Гоша не только в себя стрелял, в меня тоже. Когда гроб мы опускали на полотенцах, Поливанов с Шурпиновым и с Митей, братом Гошиным, увидел я внизу Гошу моего, хромоногого, скособоченного, и вдруг пронзило меня, что все четверо мы убивали, ведь это я тогда про Гошу позабыл, хотя ради него шел к Поливанову. И про художника, то есть про себя, во искупление своего греха, тоже ни звука. Забыл?
…с орденом своим, с браунингом в кармане стоял передо мной бледный, не шевелясь.

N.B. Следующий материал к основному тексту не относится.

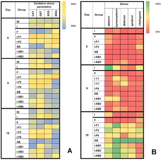 Heatmaps: (A) mean values for superoxide dismutase (SOD), catalase (CAT) and glutathione S-transferase (GST) activities and malondialdehyde (MDA) concentration; (B) immune-related genes (medians of Log2 of relative expression ratios for abaecin, hymenoptaecin, defensin, apidaecin and vitellogenin) at different time points in experimental groups. Non-infected control (NI), N. ceranae infected control (I) and groups infected and treated with fumagillin from day 1 (I-F1), day 3 (I-F3) and day 6 (I-F6) or A. blazei extract from day 1 (I-AB1), day 3 (I-AB3) and day 6 (I-AB6). Group names are indicated in Table 1.
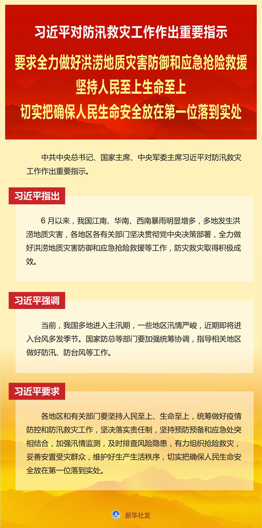習(xí)近平要求,各地區(qū)和有關(guān)部門(mén)要堅(jiān)持人民至上、生命至上,統(tǒng)籌做好疫情防控和防汛救災(zāi)工作,堅(jiān)決落實(shí)責(zé)任制,堅(jiān)持預(yù)防預(yù)備和應(yīng)急處突相結(jié)合,加強(qiáng)汛情監(jiān)測(cè),及時(shí)排查風(fēng)險(xiǎn)隱患,有力組織搶險(xiǎn)救災(zāi),妥善安置受災(zāi)群眾,維護(hù)好生產(chǎn)生活秩序,切實(shí)把確保人民生命安全放在第一位落到實(shí)處。
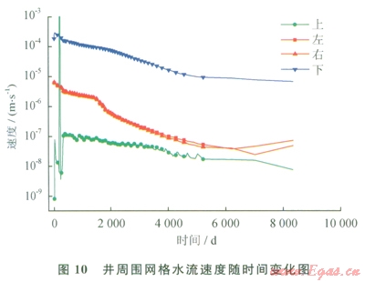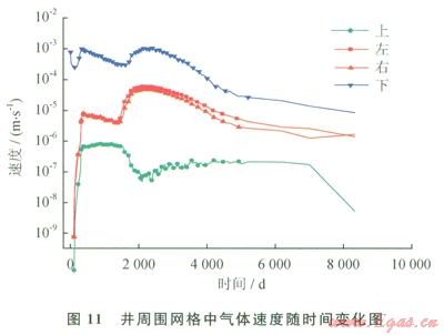 孔隙滲透換熱能夠?qū)⒛芰總魅宋锊?。圖l0為井周圍網(wǎng)格水流速度隨時間的變化圖。左、右和下表示網(wǎng)格中水流向井內(nèi),而上則表示井從上流入其正下方網(wǎng)格。圖10中下表示正上方網(wǎng)格流人下方井內(nèi)水流速率,也就是圖10表示的曲線,該速率遠(yuǎn)高于其他3個方向的速率。圖ll為井周圍網(wǎng)格中氣體速率隨時間變化圖。同樣是上方網(wǎng)格流向正下方井內(nèi)氣體速率最大,也就是圖ll表示的曲線。氣流和水流的速率數(shù)量級均為l04ms。由于甲烷氣導(dǎo)熱系數(shù)約為0.03W(m·K),遠(yuǎn)低于液態(tài)水的導(dǎo)熱系數(shù),其換熱可以不計(jì)算,這里只計(jì)算水的對流。
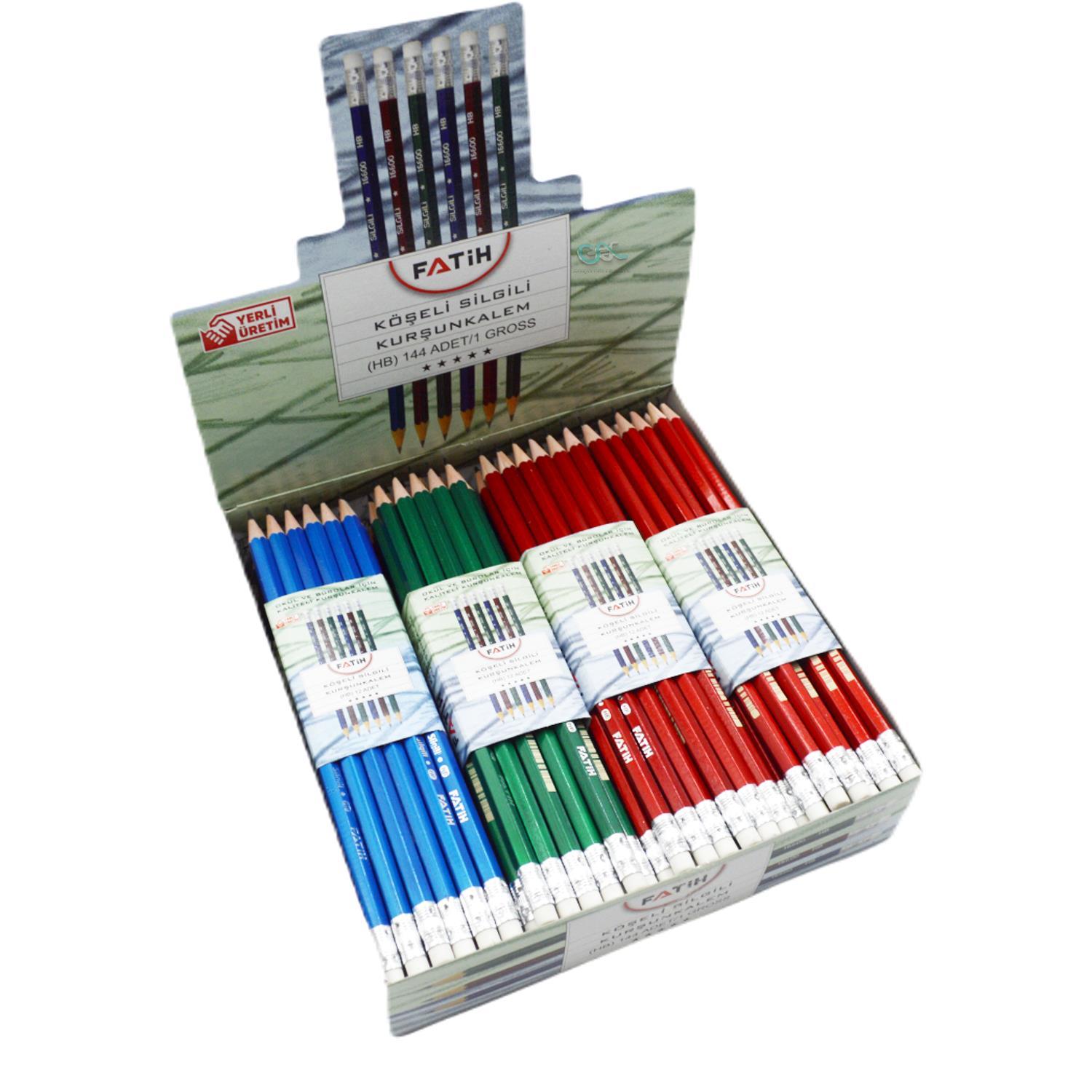 Fatih Köşeli HB Silgili Kurşun Kalem 144 Adet

Почему же тогда я увильнул?
Эх да мех — и смех, и грех, про себя забыл, про Гошу забыл, только про Валентину помнил. А она с кладбища шла, слезы Юре своему вытирала и на поминках вся иззаботилась, охраняя здоровье его».
Дальше было не то стерто, не то записано с такой бледностью, что ни одной фразы разобрать до конца было нельзя.
Улицы были влажны, пустынны, полны той утренней нетронутой свежести, какая скапливается за ночь в маленьком городке, окруженном полями. Возвращаются запахи покосов, трав, плясвинских пойм.
Густой туман лежал безветренными пластами. Деревья стояли недвижно. Слабый перестук доносился от хлебозавода. В той же стороне перекликнулись два молодых петушка. Город спал. На базаре спали облезлые ничейные псы. На пустых цинковых прилавках свернулась каплями роса. Туман спал над рекой. Лосев остановился на мосту. Алая макушка солнца вылезала из Патриаршей рощи. Восход был яркий, красноватый, из тех лет, когда они мальчишками бежали в рощу смотреть, откуда берется солнце. Из поколения в поколение лыковские мальчишки искали солнце в Патриаршей роще. Сколько восходов минуло с тех пор.